I don't know that what I see being expressed is what I would call animosity for the most part. I think it's frustration and weariness. As I've mentioned, I don't see people that are asymptomatic (that I know of), or mildly sick, the COVID patients I see in my work mostly die. And they've ranged in age from their 30s to their 90s, some without any real known comorbidities. So, from my perspective, NOT getting the vaccine seems far riskier than it does to many others that haven't seen the same things. Even the worst side effect I've seen attributed to the vaccine by someone I know personally, is FAR better than what I've seen of the people that either haven't survived or will have a very prolonged recovery. And there are nurses at risk in caring for these patients. I just read about a nurse who had conquered cancer but her immune system was compromised, so she contracted it and died. That's where people get angry, because it was potentially a preventable situation that caused her death. 

But in writing that post, I did have to admit to where my own judgments can sneak into my job, and not just related to COVID. Sometimes what we do is frustrating because people will always make bad decisions. This has just truly pushed people to their limits for so many reasons. Thanks for your response. 

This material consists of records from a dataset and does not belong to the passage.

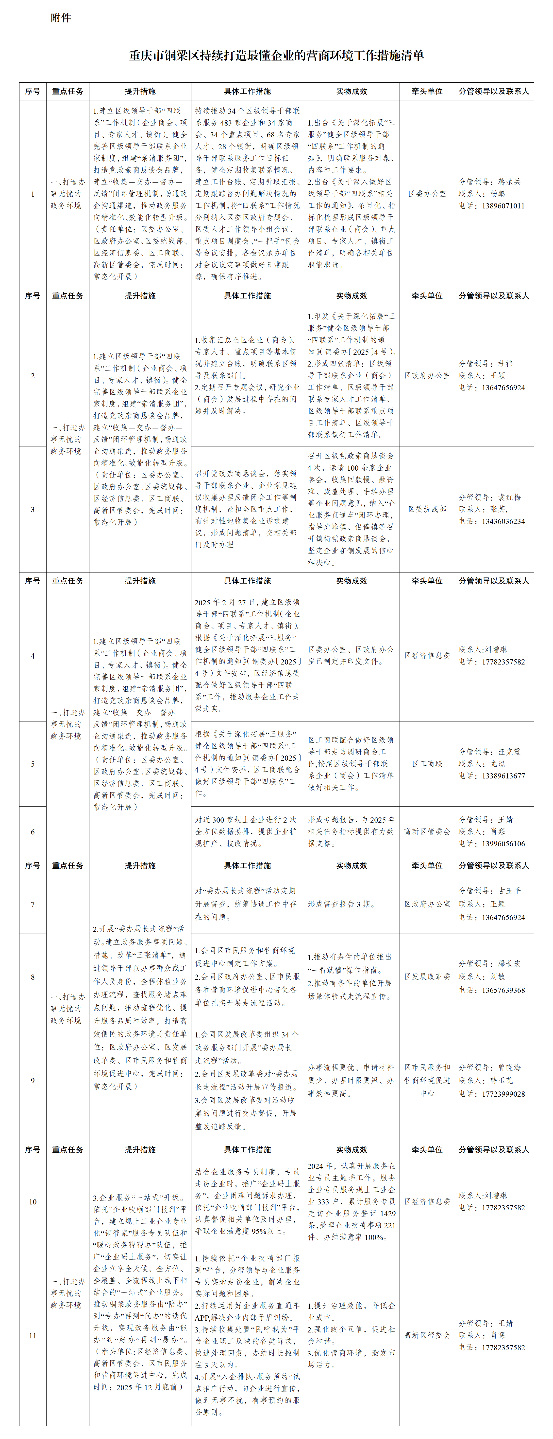 附件:重庆市铜梁区持续打造最懂企业的营商环境工作措施清单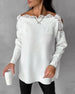 SPECIFICATIONS Category: Pullovers Style: Elegant Material: Acrylic, Spandex, Polyester Neckline: Cold Shoulder Pattern Type: Solid color Sleeve Type: Cold Shoulder Sleeve Length: Long Sleeve Details: Ribbed, Patchwork, Lace Fit Type: Loose Occasion: Daily Season: Spring, Fall, Winter Package Includes: 1 x Pullover SIZE TABLE Si...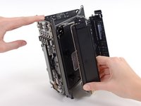 Remove the two 3.6 mm T5 Torx screws from the sides of the power supply cage (one on each side).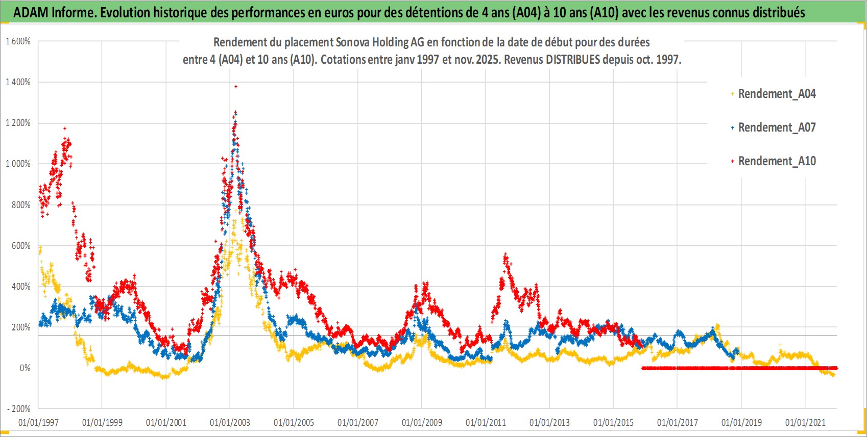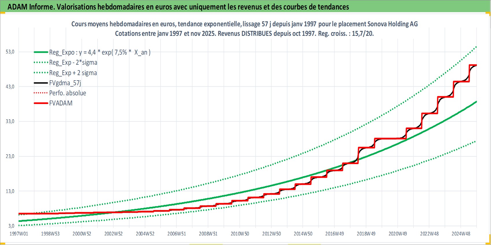 Site dédié aux investisseursPage dédiée sur site financeAnalyse des valorisations hebdomadaires de l'action Sonova Holding AG. Cet actif est cote en CHF. Les valorisations sont en contrevaleur EURO et couvrent les semaines 1997W01 a 2025W48. Les revenus de cet actif financier sont pris en compte depuis la semaine 1997W40. La note globale ESG de cet actif est estimee a 11.0 (apres rebasage entre 0 et 20).

I hear you.  I would never discount what you and other CCRNs witness.  If not animosity on your part it definitely exists among us in regards to patients and their lifestyle choices.  

What you see is the reality of how dangerous this disease can be.  That has to be recognized and responded to. There's no denying that.  We are fortunate that the tragedies in the ICU aren't reflective of every patient and everyone in society.  

I imagine police and correctional officers experience similar frustrations being at the epicenter of crime and having frequent encounters with criminals.  While what they see does not reflect society as a whole, we appreciate their efforts to end crime and increase awareness much as we do with those of us on the front lines in regards to protecting everyone from COVID. 

 

I think it was noble and respectable of you to catch what your were feeling and consider a diferent perspective. Many  can't or don't.